PS - This is not my solution. Credit goes to Richard Kempe

The main idea behind the problem is simple: given a weighted undirected graph G=(V,E) and two nodes s,t∈V, we wish to answer Q queries of the following form:

What is the shortest path from s to t given that edge e∈E is removed from the graph?
(This type of problem is also known as the "most vital arc" problem )
Let N=|V| and M=|E| as usual. In this case, we are guaranteed that N,M,Q≤200000.

Prerequisites
You should definitely know Dijkstra's algorithm before attempting to solve this problem. Also, knowing about segment trees with lazy propagation would be good, but is not required to understand the solution.

Building Bridges
First of all, it should be clear that naively running Dijkstra's isn't going to run in time, because it requires O(QNlogN) operations. In fact, the size of the input suggests that we should look for at worst an O(NlogN) solution. What can we do then? We may first try to solve an easier problem: can we determine whether an edge e, when removed, will increase the shortest path length between s and t?

Definitions:
An edge is optimal if it is on a shortest path from s to t.
An edge is a bridge* if it is on all shortest paths from s to t. (Here we refer only to shortest paths in G, without having removed any edges.)
Let ds(u) (resp. dt(u)) be the shortest-path distance from s (resp. t) to u, and let OPT be the shortest-path distance from s to t. Then we can show the following properties:

Lemmata:
e=(u,v) is optimal if and only ds(u)+length(e)+dt(v)=OPT.
e=(u,v) is a bridge if and only if it is optimal and for all other optimal e′=(u′,v′), we have either ds(v′)≤ds(u) or ds(v)≤ds(u′). In other words, when we travel along an optimal path from s to t, then between lengths ds(u) and ds(v), we must be traveling along e. By convention we denote a bridge with the letter b.
As a corollary of the above statement, e is a bridge if and only if, when removed from G, the shortest path distance from s to t increases.
(Proofs are left to the reader.) These properties should give you some idea of how to find all the bridges in G. If you still need some hints, an algorithm for computing bridges is included at the end of this post.
Islands
Now we have a way of identifying which edges, when removed, affect the shortest path length. This still leaves one major question unanswered: given a bridge b, how exactly do we determine the shortest path length from s to t once b is removed? Running Dijkstra's repeatedly is too slow, since we can easily construct examples in which every edge is a bridge. (Consider a graph consisting of only a path from s to t.)

Let K denote the number of bridges. Note that Lemma 2 above implies that we can uniquely order the bridges b0,b1,…,bK−1 based on their relative distances from s. Could we use this to help us?

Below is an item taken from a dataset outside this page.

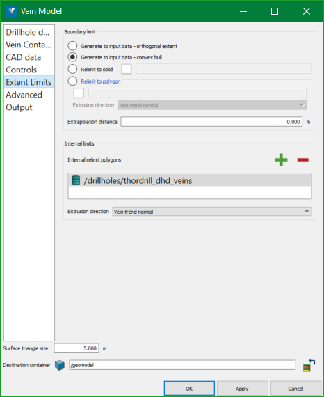 Polygons can be selected to be used as internal relimiting regions too. This can be particularly useful if you do not want to use the Pinch out surfaces option, but want manual control over a region where a hole is to be created within the vein solid, such as surrounding barren drillholes.

Definition: Let the i-th island be defined as the set of all vertices v, such that there exists a shortest path from s to v using no more than i bridges. (If v is not connected to either s or t, then we can ignore it -- it lies on some strange continent somewhere far away.)
The intuition behind islands and bridges is this: bridges are the fastest way to "travel" between the islands when going from s to t. If we remove an edge that is not a bridge, our shortest path is not affected. However, when we take out a bridge, we are forced to travel along another (possibly much longer) path.
Proposition: Consider the bridge bi, connecting the i-th and i+1-st islands. Let Ei be the set of all edges e connecting an island with index ≤i to an island with index >i. Then the shortest path from s to t that bypasses bi must have length
mine=(u,v)∈Ei{ds(u)+length(e)+dt(v)}
Proof: Any path P from s to t bypassing bi must include some edge in Ei. Now consider some edge e=(u,v)∈Ei -- the shortest path from s to t that goes through e must have length ds(u)+length(e)+dt(v). Lastly, by the way we have constructed the islands, we know that bi is not on the shortest paths from s to u or from v to t.
A Data Structure for Bypass Length
Let bypass(i) denote the length of the shortest path that bypasses bi. The above observations suggest that we can run the following algorithm to compute bypass(i):

For each non-bridge edge e=(u,v) connecting islands i and j, where i<j:
For each k∈{i,i+1,…,j−1}:
bypass(k)←min{bypass(k),ds(u)+length(e)+dt(v)}
However, there is a slight problem with this algorithm: it's too slow. Through some tricky analysis, you can show that in the worst case, we can construct a graph that will cause the above subroutine to take O(M3/2) operations.
What we need is a data structure that supports the following two operations efficiently:

update(i,j,val), which runs bypass(k)←min{bypass(k),val} for all k∈{i,i+1,…,j−1}
query(i), which returns bypass(i)
One possible data structure that can support both operations in O(logK) time is called a segment tree with lazy propagation or a segment tree with range update. There are several tutorials online about this type of tree, and it's a good data structure to be familiar with. (The main problem right now is that the structure is rather complicated and the online tutorials are not very good. I may do an article on it some time, if there is sufficient demand.)


Putting It All Together
The previous observations suggest the following algorithm for solving the problem:

Compute ds and dt using Dijkstra's algorithm.
Find the bridges:
First find all the optimal edges by iterating over all edges e=(u,v), and storing the edges such that ds(u)+length(e)+dt(v)=OPT.
Sort all the optimal edges by ds(u) and ds(v). Use the criterion from above to find the bridges.
Find the islands.
One way (the hard way) is to run a modified version of Dijkstra.
A smarter and shorter alternative is to just run multiple depth-first searches from s and from the far end of each bridge. It's up to the reader to figure out how to do so.
Find the bypassing paths.
Initialise your favourite range-update data structure.
Iterate over all the non-bridge edges. If e=(u,v) is an edge crossing from island i to island j>i, then range-update bypass(i),bypass(i+1),…,bypass(j−1) such that they are no more than ds(u)+length(e)+dt(v).
Process all the queries. If the edge in question is not a bridge, then we simply return the optimal length. Otherwise, we query the range-update data structure to find the best bypass length.
All of the above steps run in require O(RlogR) operations where R=max{N,M,Q}, so the algorithm has complexity O(RlogR).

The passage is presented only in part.